Fregene, Italy

Travel to Fregene

Fregenae (Greek: Φρεγήνα; Italian: Fregene), was a maritime town of ancient Etruria, situated between Alsium and the mouth of the Tiber. The modern Fregene is an Italian hamlet (frazione) of Fiumicino, in the Metropolitan City of Rome, Lazio. As of 2012 its population was of 6,445.

Livy mentions Fregenae among the coloniae maritimae (xxxvi. 3); and there is every reason to suppose that it was established at the same time with Alsium, in 245 BCE, and that we should read Fregenae for Fregellae in Velleius Paterculus, where he speaks of the foundation of these two colonies. This is confirmed by the Epitome of the 19th book of Livy, where, though Alsium is not mentioned, the foundation of Fregenae is coupled with that of Brundusium, which Velleius refers to the following year.
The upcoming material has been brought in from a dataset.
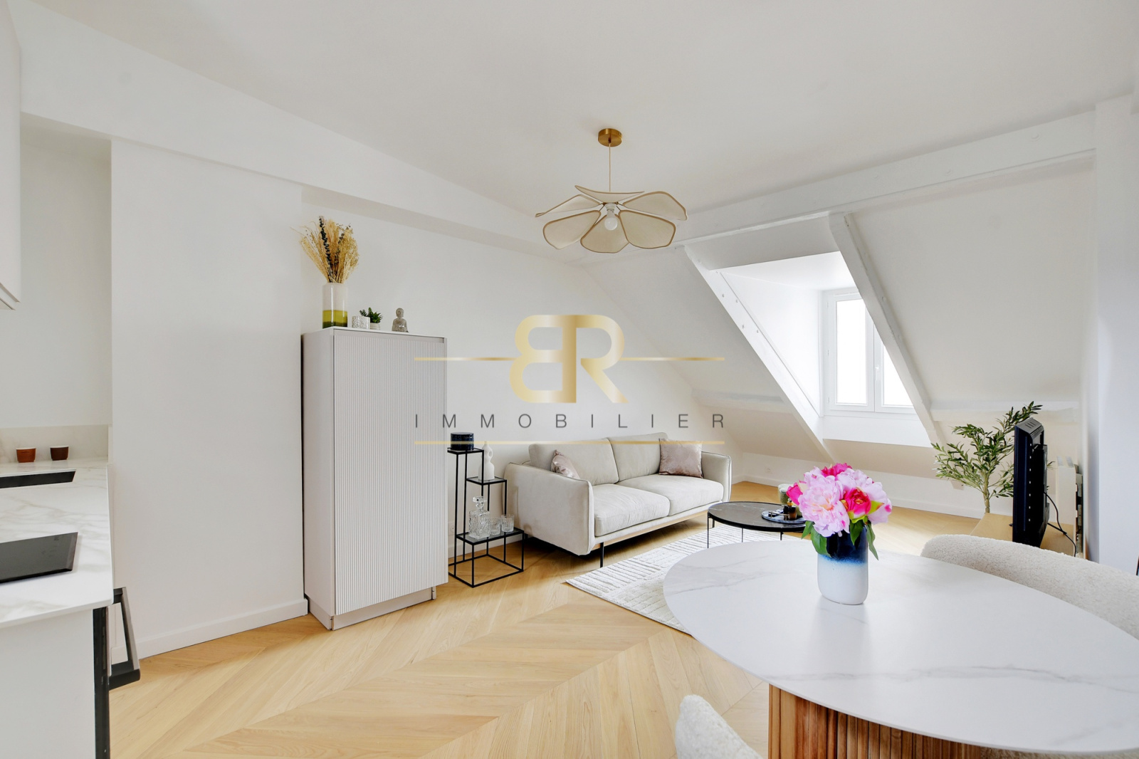 Un vaste séjour de 21 m² au sol traversant Est-Ouest, baigné de lumière, avec cuisine ouverte entièrement équipée (plaques, lave-linge, réfrigérateur, four)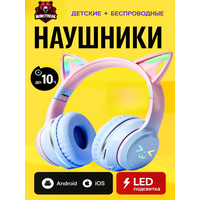 Купить Наушники с ушками кошки полноразмерные беспроводные с LED подсветкой, Голубой с доставкой по всей России.

No subsequent notice of it occurs in history: its marshy and unhealthy situation probably prevented its rising to prosperity; and, after the construction of the Portus Augusti on the right bank of the Tiber, it seems to have gradually sunk into insignificance. Hence, though its name is found in Strabo, Pliny, and the Itineraries, it is not noticed by Rutilius in his description of the coast of Etruria, and no ruins now mark the site. But the distances given in the Itinerary of 9 M.P. from Alsium, and the same from Portus Augusti at the mouth of the Tiber, enable us to fix its position with certainty at a spot now called Fregene in the comune of Fiumicino.